Collection of RegEx for blacklisting

No, I should correct this.

Regex and exact domains work very much differently: Gravity and exact blacklist domains are stored in a tree-structure. Scanning the tree for matching a single domain against (multiple!) millions of domain merely takes microseconds, even on Raspberry Pi hardware. This is because leafs can be found very efficiently in a balanced tree and searching the tree only becomes slower on a logarithmic scale (doubling the number of domains just means one step more work, not double as much work). You should read the Wikipedia article B-tree if you want more details, but be prepared that it is not all that straightforward when you deal with tree data structures for the first time.

[INFO: calculations simplified here and below, full details would clearly exceed the format here]
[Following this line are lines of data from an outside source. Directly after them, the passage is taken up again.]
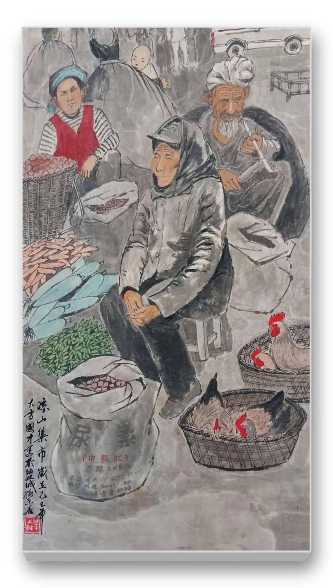 艺术的生命力源于对生活的深度凝视,孙国才先生的创作始终坚守“生活是创作的唯一源泉”这一准则。他常年深入西藏、凉山等少数民族聚居地,亦深耕江南乡土,将自己的足迹印在田间地头、草原牧场与集市街巷,把对土地的热爱、对百姓的共情,化作笔下流淌的笔墨。在他的作品中,没有宏大叙事的刻意铺陈,没有矫揉造作的形式堆砌,只有最朴素的生活场景:《牧牛图》中身着红蓝服饰的少女与水牛相依而行,神情恬淡;《小憩》里藏族妇女围坐麦田,铜壶茶碗间尽显劳作后的从容;《凉山集市》中商贩的吆喝、家禽的鲜活,将市井烟火气凝于尺幅之间。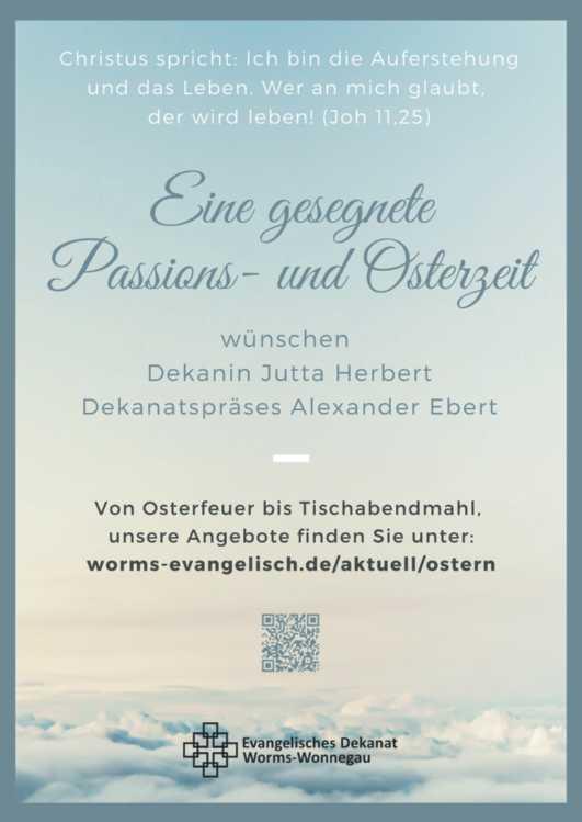 Der Ökumenische Chor Eich lädt ein zu seiner Veranstaltung am Karfreitag, dem 29. März, um 11.30 Uhr, in der Trauerhalle auf dem Friedhof in Eich, Hammer Straße, 67575 Eich. Das Thema des kleinen Konzertes lautet „Lieder, Musik und Texte zur Passionszeit". Der Eintritt ist frei.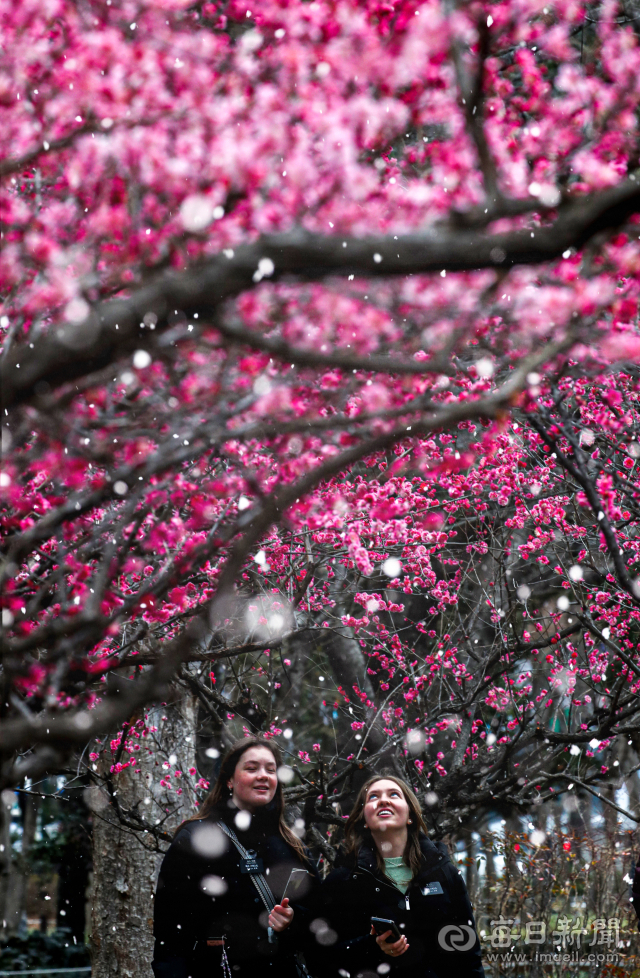 춘분을 이틀 앞두고 전국 대부분 지역에 눈이 내린 18일 대구 중구 국채보상운동기념공원을 찾은 외국인들이 홍매화 나무 아래서 눈을 맞고 있다. 안성완 기자 asw0727@imaeil.com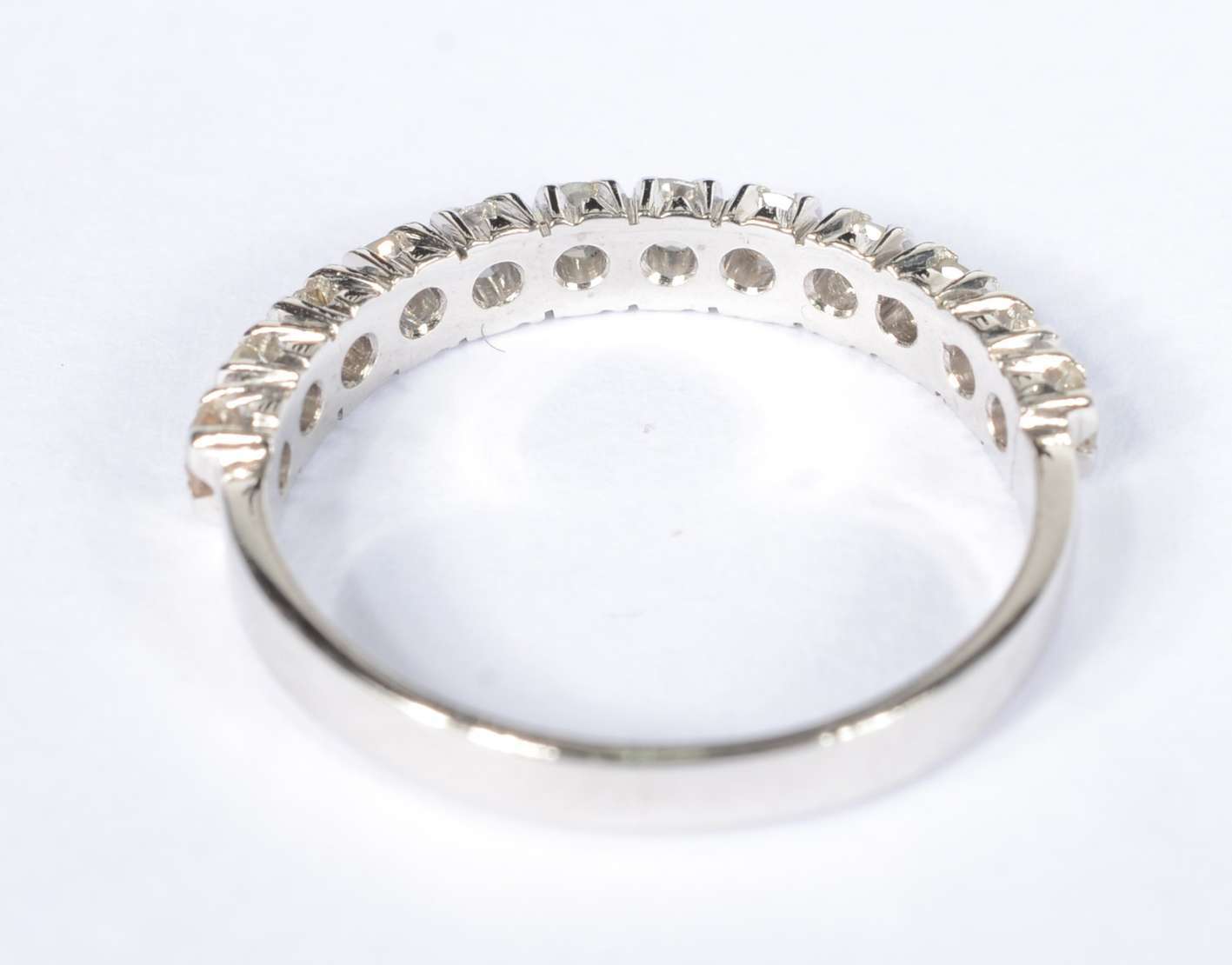 Anel de ouro 18 k., contraste 750 mls com brilhante central de 0,50 ct., e aproximadamente 24 brilhantes de 0,02 ct. ...

Scanning a single domain against, e.g., 10 million domains in your blacklist or blocklist (gravity) takes on the order of ceil(log2(10000000)) = 24 computation steps. This is - on all platforms - on the order of few micro- (yes, not milli-)seconds and can really not be made more efficient. This is because we can quickly traverse the tree down to its leaf when the expression we're matching against is constant.

Regex, on the other hand are an entirely different beast. While we can use a tree for exact domains, we have to iterate through all the regular expressions because they all could theoretically match. While an exact is easily found (the memory is just identical), regular expressions are rules and those rules have to be applied to every domain we want to check. Explaining how the matching takes place is beyond what I can do here, too, however, I will just let you guess how much work evaluating the suggested whiltelist regex

is (click on the image to see it in it's entire glory, or click here):

We really do our best to also serve the maximum possible bare-metal performance for regular expressions, however, they are just so much more involved that they will always be a lot more work than exact domains.

It all depends on your architecture (e.g., ARM is slower on regex compared to x86 because it is missing some important optimizations) but I'd always rather use a list with 100,000 domains in favor of one complex regular expression. That being said, Pi-hole got that efficient with regular expressions, that you won't actually notice a difference in speed (I won't notice if loading a pages takes some 10 milliseconds longer).

It's the other way around. As blocklist/gravity matching is much much faster, we do this first. As it may save us from having to do regex at all. The worst case are domain that are not blocked. For them, the entirety of whitelist exact, whitelist regex, blacklist exact, gravity (exact) and blacklist regex have to be searched through. Only if a domain wasn't found on any list, we forward it upstream.